> _What you need to do_
Only the lines below from the one that holds "Stained glass scale" through the one that holds "天板は袋状になっているので『" should appear in the answer, copied exactly, end lines included and pictures omitted.

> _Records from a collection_
————

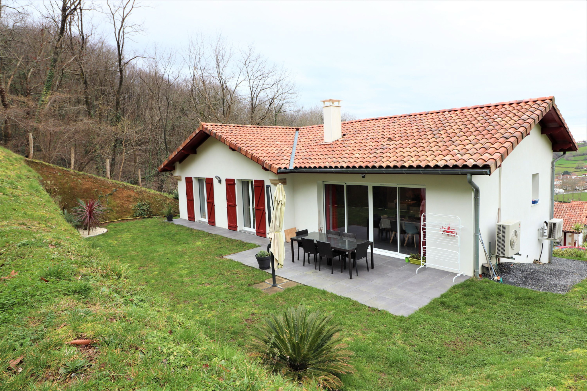 HASPARREN-EXCLUSIVITE LANKIDEAK Belle maison individuelle de 110m² au sol se composant d'un grand espace de vie lumineux et exposé sud. Une cuisine équipée et de qualité ouverte, un cellier et rangement à l'entrée. Un couloir dessert 3 chambres dont une suite parentale avec son dressing et sa salle d'eau. Une salle de bains supplémentaire complète le niveau. Vous trouverez également un sous-sol total de plus de 100m² avec nombreux espaces de rangements et une véritable cave! A l'extérieur, un beau jardin paysagé avec terrasse, poulailler et une piscine hors-sol. Maison de 2015 avec chauffage au sol, climatisation réversible et également de nombreux matériaux de qualité! Aucun travaux à prévoir, Bien rare sur le secteur
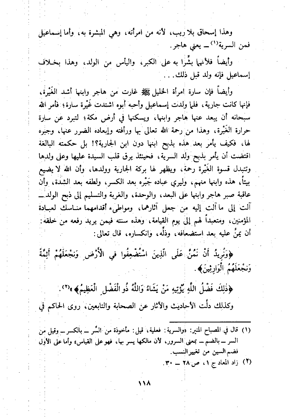 وأيضا فإن سارة امرأة الخليل صلّى الله عليه وسلّم غارت من هاجر وابنها أشد الغيرة، فإنها كانت جارية، فلما ولدت إسماعيل وأحبه أبوه اشتدت غيرة سارة؛ فأمر الله سبحانه أن يبعد عنها هاجر وابنها، ويسكنها في أرض مكة؛ لتبرد عن سارة حرارة الغيرة، وهذا من رحمة الله تعالى بها ورأفته وإبعاده الضرر عنها، وجبره لها، فكيف يأمر بعد هذه بذبح ابنها دون ابن الجارية؟! بل حكمته البالغة اقتضت أن يأمر بذبح ولد السرية، فحينئذ يرق قلب السيدة عليها وعلى ولدها وتتبدل قسوة الغيرة رحمة، ويظهر لها بركة الجارية وولدها، وأن الله لا يضيع بيتا، هذه وابنها منهم، وليري عباده جبره بعد الكسر، ولطفه بعد الشدة، وأن عاقبة صبر هاجر وابنها على البعد، والواحدة، والغربة والتسليم إلى ذبح الولد- الت إلى ما الت إليه من جعل اثارهما، ومواطىء أقدامهما مناسك لعبادة المؤمنين، ومتعبدا لهم إلى يوم القيامة، وهذه سنته فيمن يريد رفعه من خلقه:
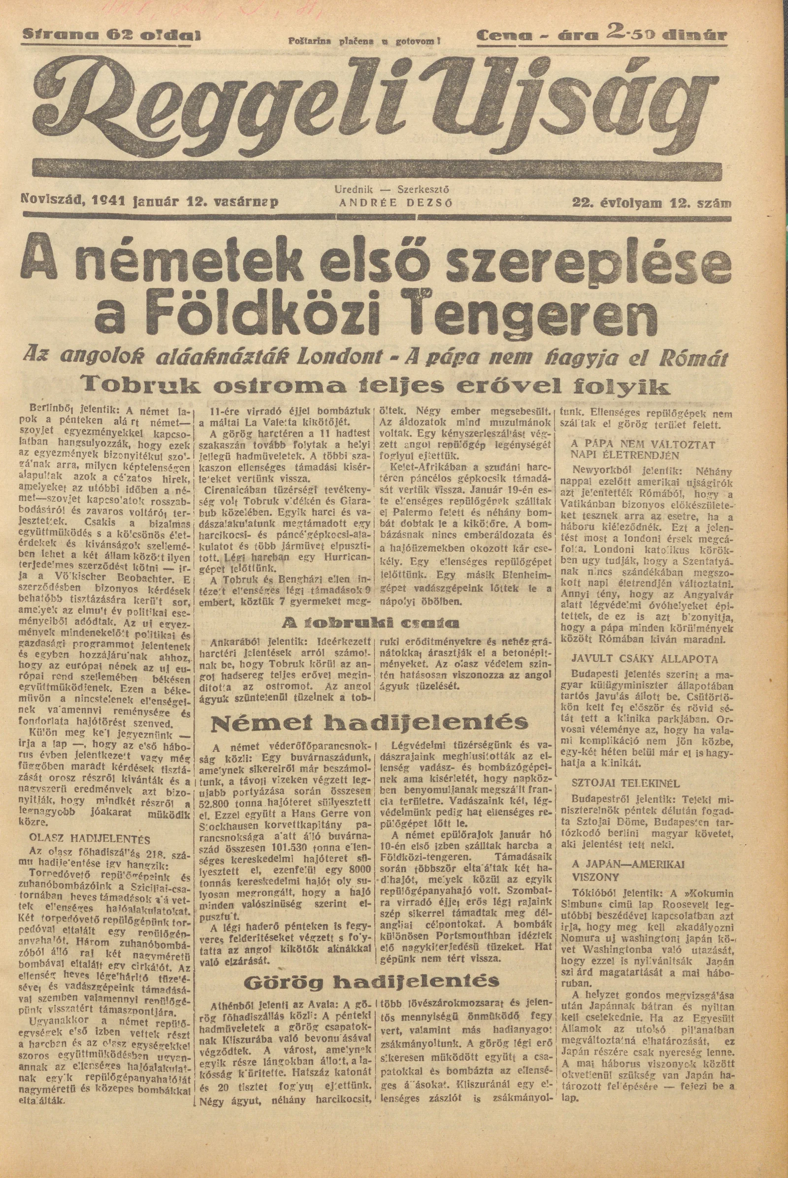 Reggeli Újság, 22. évf. 1941. január 12. 12. sz.
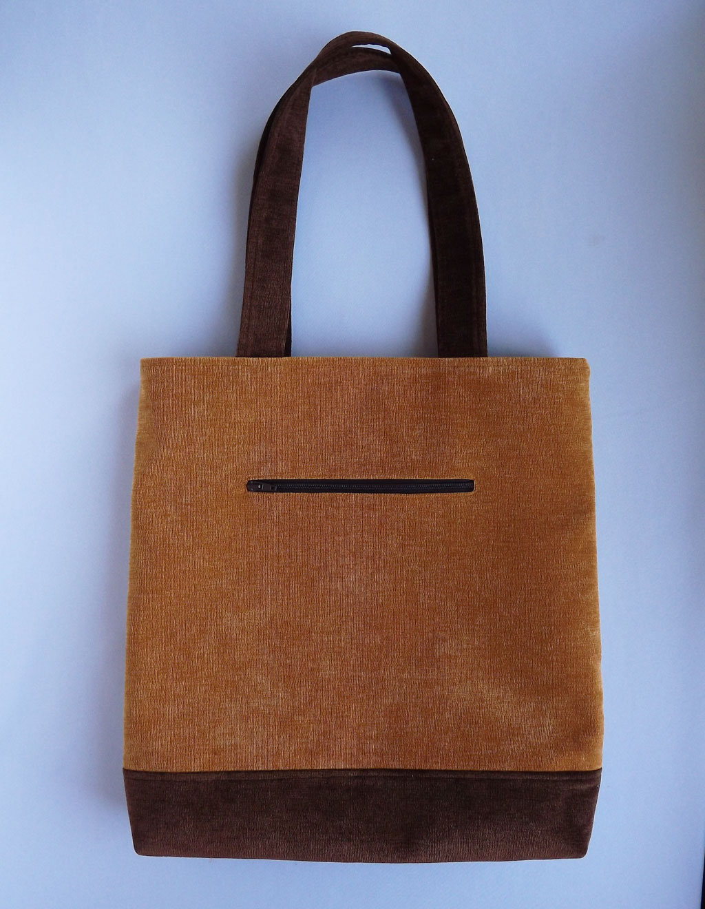 Внутри сумочки есть подклад темно-коричневого цвета, приятный на ощупь, с двумя карманами, один на молнии. На обратной стороне сумки есть врезной кармашек на молнии. Сумка большая и вместительная, закрывается на молнию, носится на плече.
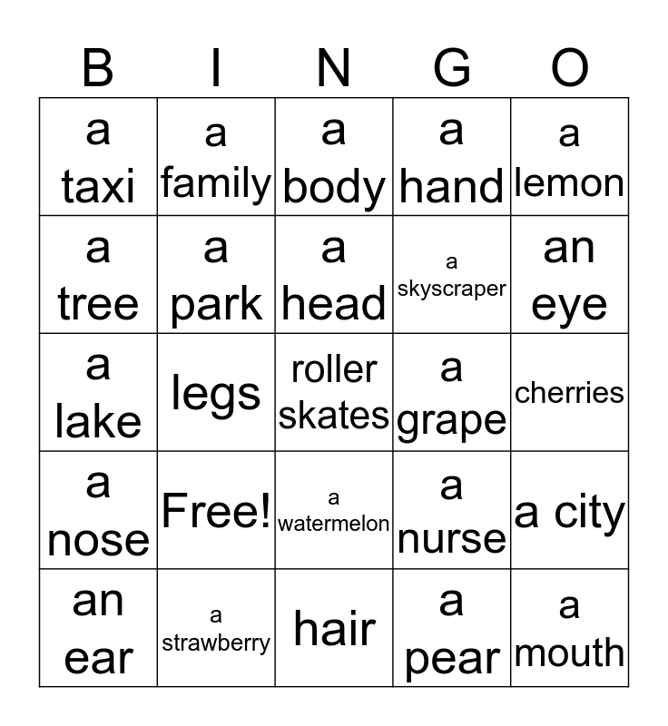 This bingo card has a free space and 24 words: Free!, a strawberry, a head, an ear, a lemon, a taxi, a tree, a family, a grape, a watermelon, a skyscraper, a lake, a nurse, a city, a park, a pear, cherries, a body, an eye, legs, a mouth, a nose, a hand and hair.
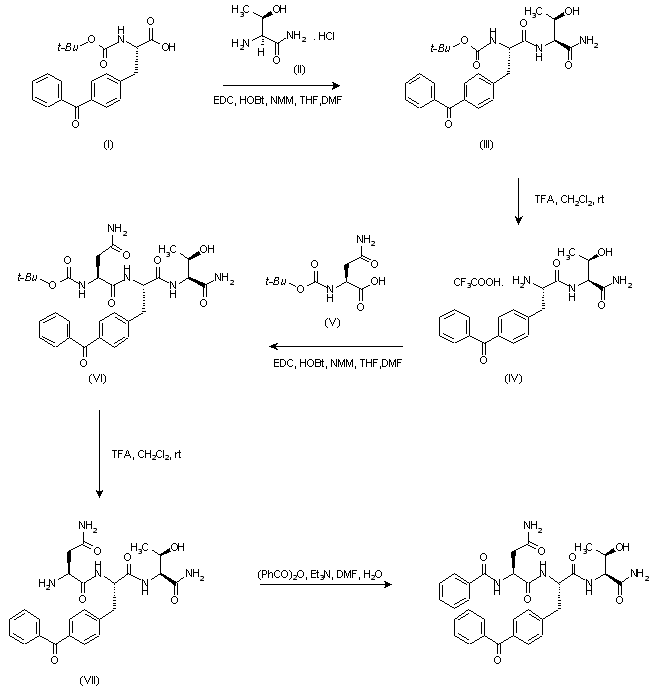 Coupling of N-Boc-benzoylphenylalanine (I) with threoninamide (II) using 1-(dimethylaminopropyl)-3-ethylcarbodiimide-HCl (EDC) and 1-hydroxybenzotriazole (HOBt) in the presence of N-methylmorpholine (NMM) afforded the N-Boc-dipeptide (III), which was deprotected with trifluoroacetic acid in CH2Cl2 to give (IV). Further coupling of (IV) with N-Boc-asparagine (V) using EDC and HOBt, followed by Boc deprotection with trifluoroacetic acid, provided tripeptide (VII). Finally, acylation of (VII) with benzoic anhydride in the presence of triethylamine furnished the target benzamide.
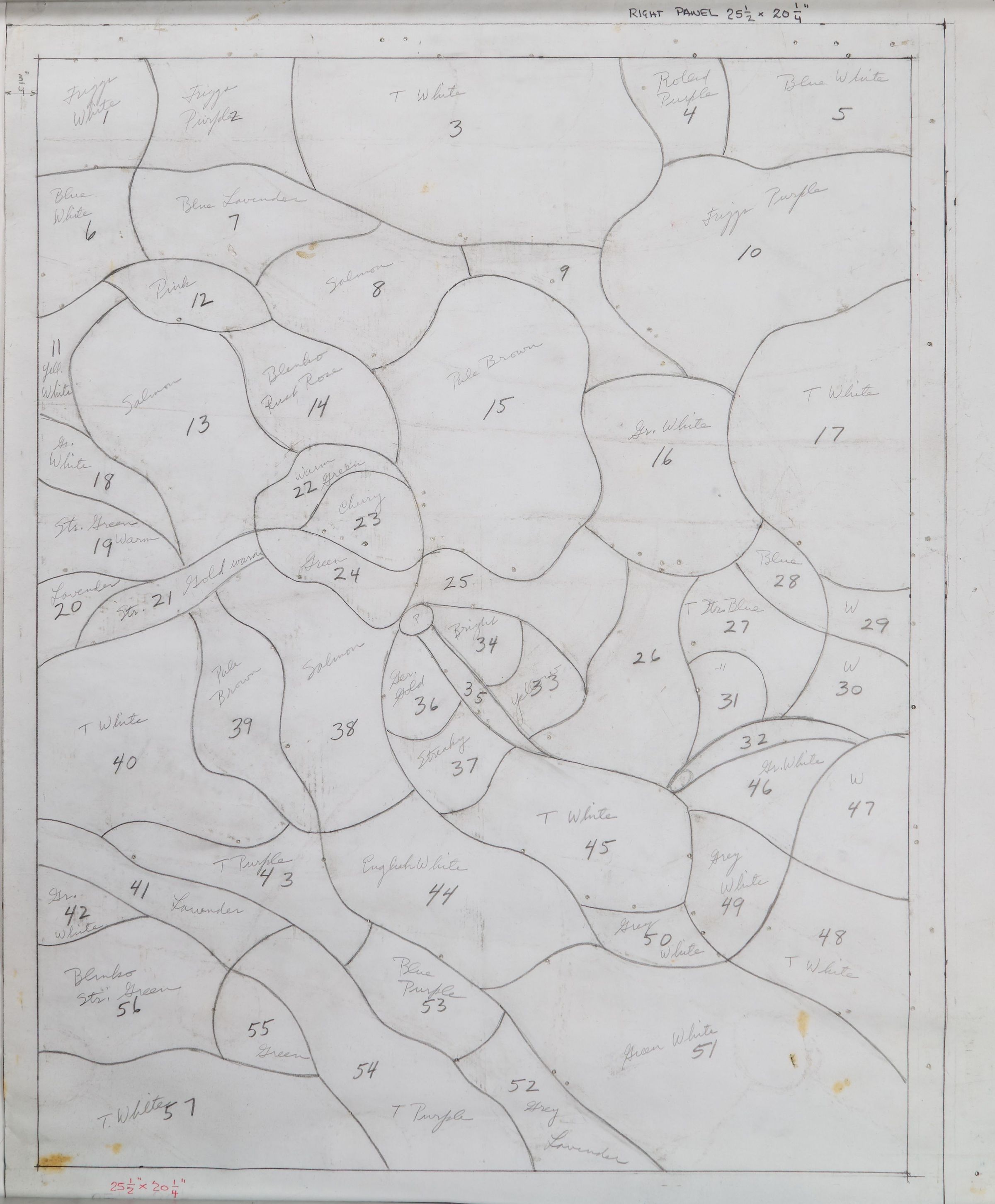 Stained glass scale cartoon; unknown site. A later Louise Pitassi Ellis panel. Each area that represents a piece of glass is labeled with a number and color. The borders of the drawing have measurements. Unknown depiction.Type of Drawing
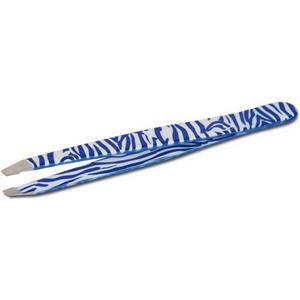 Tecniwork Pinzetta Professionale Zebra Blu in Acciaio Inox con Punta Obliqua - Rimozione Precisa dei Peli
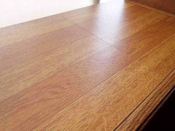 天板は袋状になっているので『裏に穴をあけて裏から押し出して接着しフローリング調の壁紙を……』『いっそのこと天板を剥がして新しい板をはって……』などあれこれ考えたが、手間や金がかかるので『100円ショップのフローリングマットを上に貼る』という一番楽で安い方法にした。
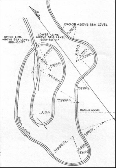 Soon after Rungtong station the line turns nearly south on to a long spur where another spiral is encountered. This spiral begins just before the fourteenth mile-post, and is one of the most complicated and interesting pieces of engineering on the railway. From Rungtong the line has to ascend to Tindharia station (2,822 ft.) in less than eight miles, the average gradient for this section being 1 in 28-3/4. To overcome a sudden rise of 137 ft., there is practically a double loop, the outstanding feature of which is a sharp curvature introduced to fit the alinement to the situation. This second loop is a fine feat of engineering. The track, now returning northwards and eastwards for a short distance, runs along the old road, but gradually passes below it, until the third loop is reached at the sixteenth mile-post. Fine views are afforded of the valley below, the Bhutan Range to the eastward, and the adjacent hills and valleys. In the plains to the south-east can be seen the Teesta River, with an island called Tiger Island, because three tigers were once shot during one "beat" there. The river has its source in the Tibetan Lake Chalamu, which is 17,000 ft. above sea-level, and about seventy-four miles north-east of Darjeeling. At the eighteenth mile the country presented such difficulties that a spiral was impracticable, and a reverse had to be adopted. At an altitude of 2,438 ft., the line, climbing at 1 in 28, enters a curve of 800 ft. radius, followed by one of 400 ft. radius, and reaches a dead-end at 2,473 ft. It then backs up a second leg, rising at 1 in 33 round curves of 400 ft. and 200 ft. radius respectively, to a second dead-end at 2,501 ft. Another climb at 1 in 28 round a curve of 400 ft. radius brings the train to 2,536 ft., so that by means of the reverse or zigzag a total vertical lift of 98 ft. is accomplished. Tindharia station is considered to be above the Terai fever level. The workshops ot the company are here. In the section of just under four miles between Tindharia and Gyabari stations the heaviest average gradient, 1 in 28-3/4, has to be faced. After a zigzag outside Tindharia station comes the fourth and final spiral or loop This is generally regarded as the most sensational spot on the line, and is called "Agony Point." It represents the ascent of another of the conical spurs which are common in the locality. Originally there was so little room that on the upper part of the loop a curve of 59-1/2 ft. radius had to be described, the train practically overhanging the hillside at this point, but improvements were carried out later and the curve was somewhat eased. The train passes "Agony Point" and proceeds, encountering another zigzag just before Gvabari station. The station stands at an altitude of 3,516 ft. Just beyond it the fourth and last zigzag, or reverse, is negotiated, and the gradient becomes slightly easier, 1 in 32 lor the succeeding four miles to Mahanuddy, 4,120 ft. above sea-level and twenty-seven miles from Siliguri.
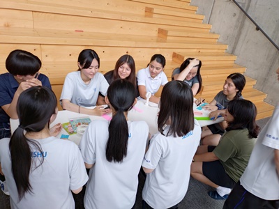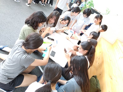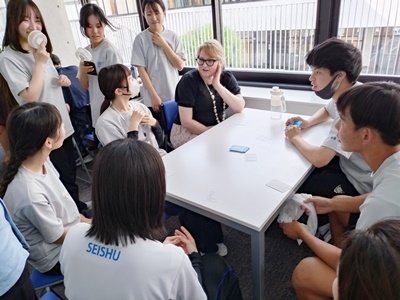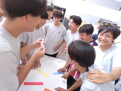 山梨県立青洲高等学校 > 教育活動 > 普通科 > 留学生との生活~2年E類型英語探求の授業~ 2025年7月16日カテゴリー: 普通科 教育活動 青洲DIARY 学校生活 留学生との生活~2年E類型英語探求の授業~ 2年次生英語類型の授業で、留学生との最後の交流授業を行いました。生徒たち自身が、昨年からこれまでの期間での語学力の成長を実感できたようで、自信を持って堂々とコミュニケーションをとっていました。双方の生徒の弾けるような笑顔が見ることができ、教員冥利に尽きました。

————

> _Answer to this problem_
 Stained glass scale cartoon; unknown site. A later Louise Pitassi Ellis panel. Each area that represents a piece of glass is labeled with a number and color. The borders of the drawing have measurements. Unknown depiction.Type of Drawing
 Tecniwork Pinzetta Professionale Zebra Blu in Acciaio Inox con Punta Obliqua - Rimozione Precisa dei Peli
 天板は袋状になっているので『裏に穴をあけて裏から押し出して接着しフローリング調の壁紙を……』『いっそのこと天板を剥がして新しい板をはって……』などあれこれ考えたが、手間や金がかかるので『100円ショップのフローリングマットを上に貼る』という一番楽で安い方法にした。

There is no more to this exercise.